> _PROBLEM DETAILS_
From the listing that follows, reproduce only the lines from the one holding "9月7日(土)・9月8日(日)タイヤ無料受け入れ実施します! 2箇所同時開催! ・タイヤワールド館BEST帯広店" through the one holding "50 Céntimos. 1937.", both included, with no pictures.

> _ENTRIES PROVIDED_
▬▬▬

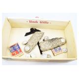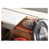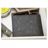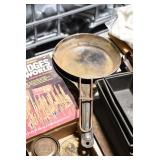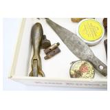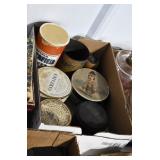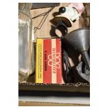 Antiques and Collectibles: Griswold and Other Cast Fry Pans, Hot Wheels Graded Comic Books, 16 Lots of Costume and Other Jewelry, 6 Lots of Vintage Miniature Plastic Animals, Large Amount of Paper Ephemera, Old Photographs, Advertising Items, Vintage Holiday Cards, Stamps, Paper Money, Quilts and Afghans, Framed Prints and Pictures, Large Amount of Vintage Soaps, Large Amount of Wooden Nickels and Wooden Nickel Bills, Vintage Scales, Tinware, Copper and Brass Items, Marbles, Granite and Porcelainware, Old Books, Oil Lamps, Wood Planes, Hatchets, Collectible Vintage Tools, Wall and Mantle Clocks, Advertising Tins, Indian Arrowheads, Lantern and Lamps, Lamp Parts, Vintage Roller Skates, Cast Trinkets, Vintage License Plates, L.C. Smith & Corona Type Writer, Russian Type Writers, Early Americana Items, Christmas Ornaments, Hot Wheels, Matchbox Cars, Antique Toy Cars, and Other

▬▬▬

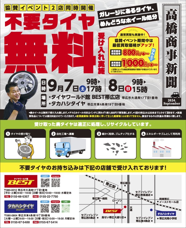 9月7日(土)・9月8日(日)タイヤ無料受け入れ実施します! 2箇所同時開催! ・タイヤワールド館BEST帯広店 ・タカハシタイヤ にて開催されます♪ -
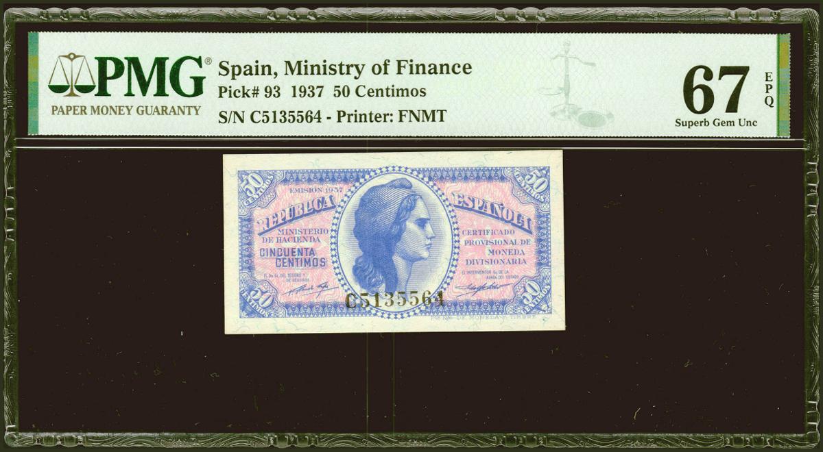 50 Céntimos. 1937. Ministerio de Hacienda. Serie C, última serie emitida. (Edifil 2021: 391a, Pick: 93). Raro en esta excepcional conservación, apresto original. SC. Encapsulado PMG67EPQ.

▬▬▬

> _WRITTEN SOLUTION_
 9月7日(土)・9月8日(日)タイヤ無料受け入れ実施します! 2箇所同時開催! ・タイヤワールド館BEST帯広店 ・タカハシタイヤ にて開催されます♪ -
 50 Céntimos. 1937. Ministerio de Hacienda. Serie C, última serie emitida. (Edifil 2021: 391a, Pick: 93). Raro en esta excepcional conservación, apresto original. SC. Encapsulado PMG67EPQ.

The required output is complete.